### Your goal
Copy nothing but the lines below, from the one with "軽やかな色合いが魅力のホワイトヤーンデニムパンツ。" through the one with "To show the", exactly as written; no pictures should appear.

### Data listing
========
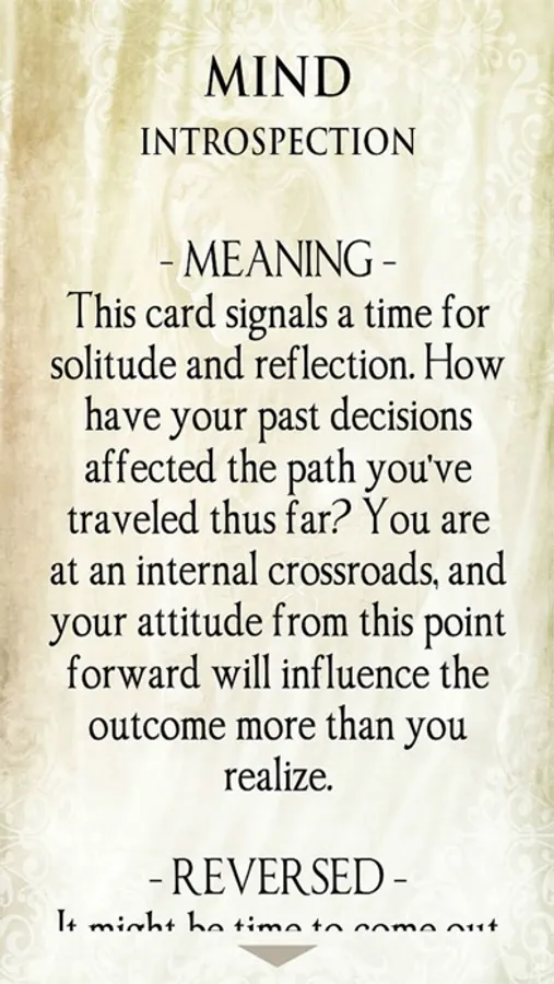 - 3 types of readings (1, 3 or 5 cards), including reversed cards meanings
========
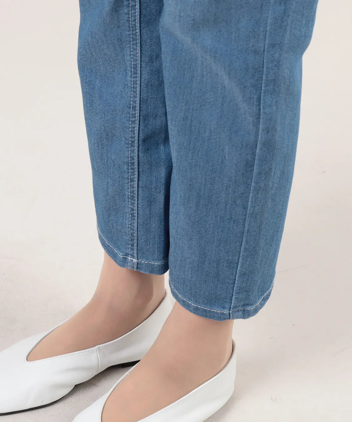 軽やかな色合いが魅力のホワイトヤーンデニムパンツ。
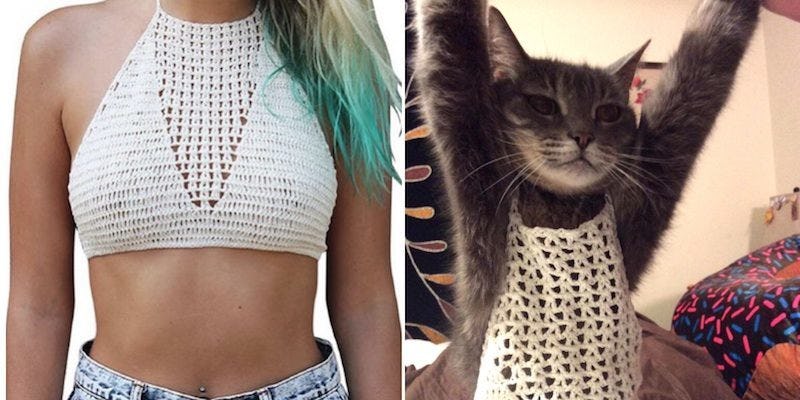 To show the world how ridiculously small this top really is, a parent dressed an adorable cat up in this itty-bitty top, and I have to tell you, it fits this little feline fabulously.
========
### Response box
 軽やかな色合いが魅力のホワイトヤーンデニムパンツ。
 To show the world how ridiculously small this top really is, a parent dressed an adorable cat up in this itty-bitty top, and I have to tell you, it fits this little feline fabulously.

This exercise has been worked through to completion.